▶ TASK BRIEF: Copy the data below exactly. Any pictures in it should be omitted.
** INFORMATION PROVIDED follows **
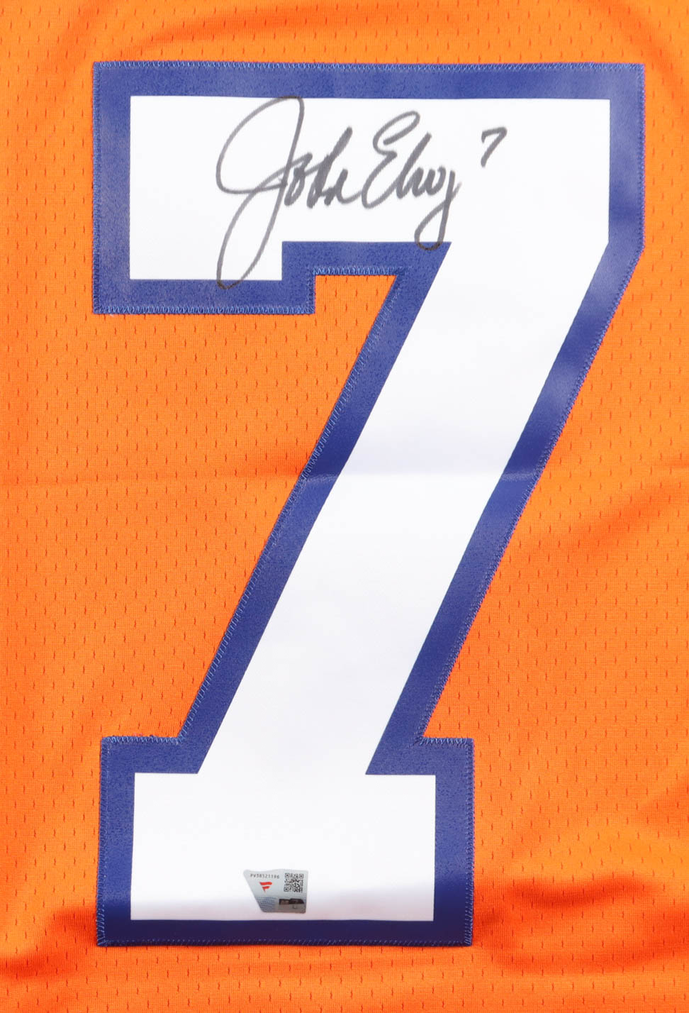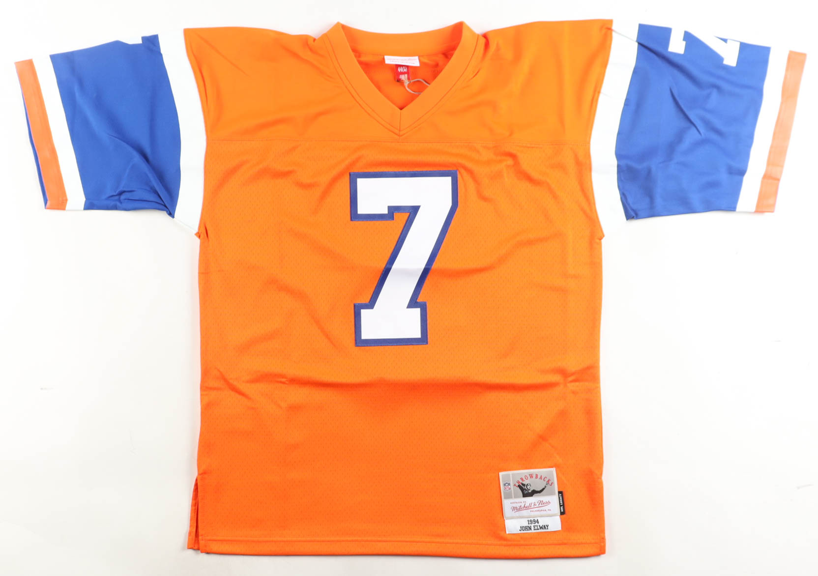 Mitchell & Ness jersey with everything sewn on, size 44 (L). Hand-signed by John Elway (Denver Broncos, HOF).
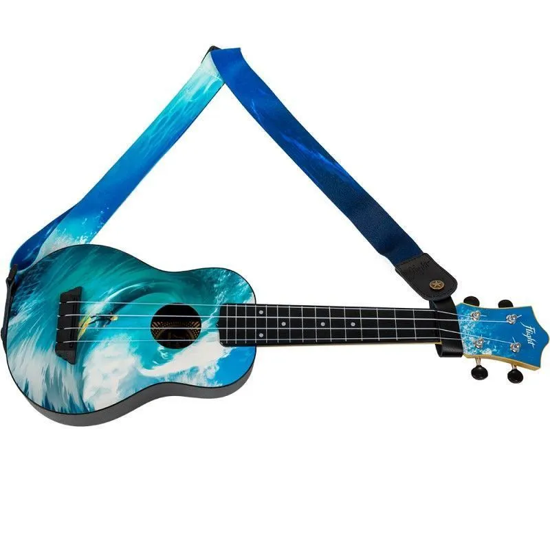 Стильный ремень для укулеле Flight Surf с морским рисунком, перекликающимся с рисунком укулеле Flight TUS 25 Surf.
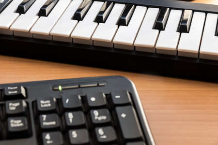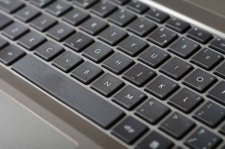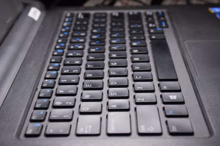 Close up macro image of keys of black computer keyboard on table. White color alphabet letters printed on black large square key for typing. It is an important input device to write word, text, blog.
** End of INFORMATION PROVIDED **
▶ EXERCISE SOLUTION:
 Mitchell & Ness jersey with everything sewn on, size 44 (L). Hand-signed by John Elway (Denver Broncos, HOF).
 Стильный ремень для укулеле Flight Surf с морским рисунком, перекликающимся с рисунком укулеле Flight TUS 25 Surf.
 Close up macro image of keys of black computer keyboard on table. White color alphabet letters printed on black large square key for typing. It is an important input device to write word, text, blog.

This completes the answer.